Resettlement agencies typically aid families for 90 days and help them with logistical things like housing, furniture, food and work permits. Those types of organizations, however, are not designed to provide ongoing, longer term support. Khalil, who runs the refugee enrichment organization in Sacramento, said many refugees rely 100 percent on cash aid to pay rent and bills and provide for their families.

He said the overwhelming number of refugees, including the expected influx in the coming weeks, shows the need for providing local organizations with more help in order to make it easier for the families to become independent.

Still, some issues, like translators and housing access, are tougher to fix than others. Agencies are scrambling to search for options in anticipation of more refugees.

“We are placing people into temporary housing and really doing everything that we can to secure permanent housing but we are really operating in a very very tight housing market,” said Jessie Tientcheu, CEO of Opening Doors, one of five refugee resettlement organizations in the Sacramento region.

She added that the current crisis in Afghanistan is personal to those witnessing it from afar who have built their lives here, but now must watch and wait to find out whether their own family and friends are able to escape turmoil as they once did. She said she believes despite the challenges they face in adjusting, immigrants and refugees are able to succeed if they are given the opportunity.

“There is data that suggests that though refugees do use public benefits, as they get themselves established over their lifetime, they actually contribute more in taxes than they ever use in public benefits,” Tientcheu said. “Even from an economic perspective, there is a case to welcome these refugees and immigrants.”
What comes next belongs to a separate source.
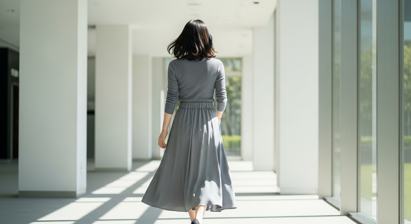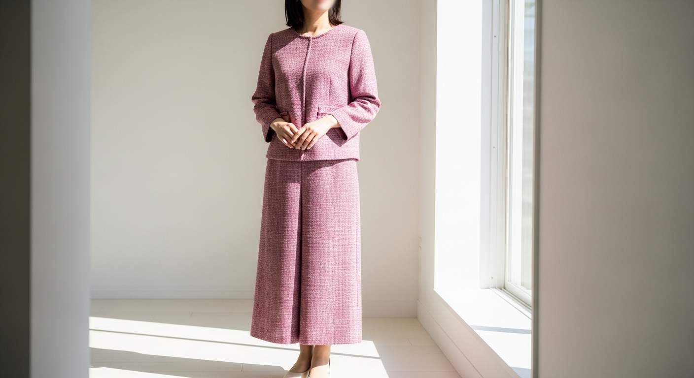 上下が揃っているからこそ生まれる縦のラインや、きちんと感のある印象が、着痩せ効果を高めてくれます。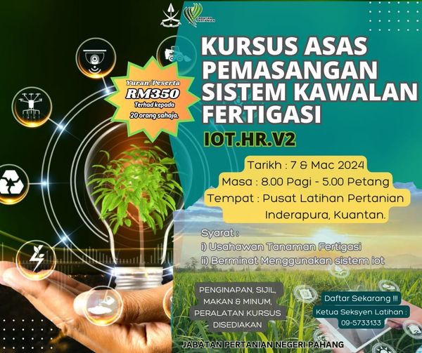 - Kursus Asas Pemasangan Sistem Fertigasi : ioT.HR.V2 – 7 & 8 Mac 2024

Hashemyan, the son of refugees, said his parents sought out the U.S. in the late 1980s during the Soviet-Afghan conflict and were well established by the time he was born. After resettling in the United States, his parents became professionals; his father an engineer and his mother an educator.
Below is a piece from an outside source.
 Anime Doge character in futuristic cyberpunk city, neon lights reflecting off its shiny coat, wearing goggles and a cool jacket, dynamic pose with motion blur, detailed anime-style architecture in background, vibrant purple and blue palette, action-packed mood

Hashemyan said his parents met in Afghanistan. Like the Afghans today, they rushed to safety wherever they could when it became too dangerous to live there, Hashemyan said. His mother fled to Pakistan, and his father first escaped to Iran before ending up in Germany. The two reconnected in New York City, and later settled in northern California.

Seeing new Afghans escape for their lives is a moment of reflection for his mother, Hashemyan said, who cries when she remembers the “good old days” in her country.

“With the refugees now that are coming in, I feel like that will be their story 20 years from now. They will be crying about any good times that they may have had in the past 20 years,” Hashemyan said. “It is important for us to continue talking about Afghanistan. Our parents came from there, and that’s where our roots are. It’s very important for us to keep our roots watered.”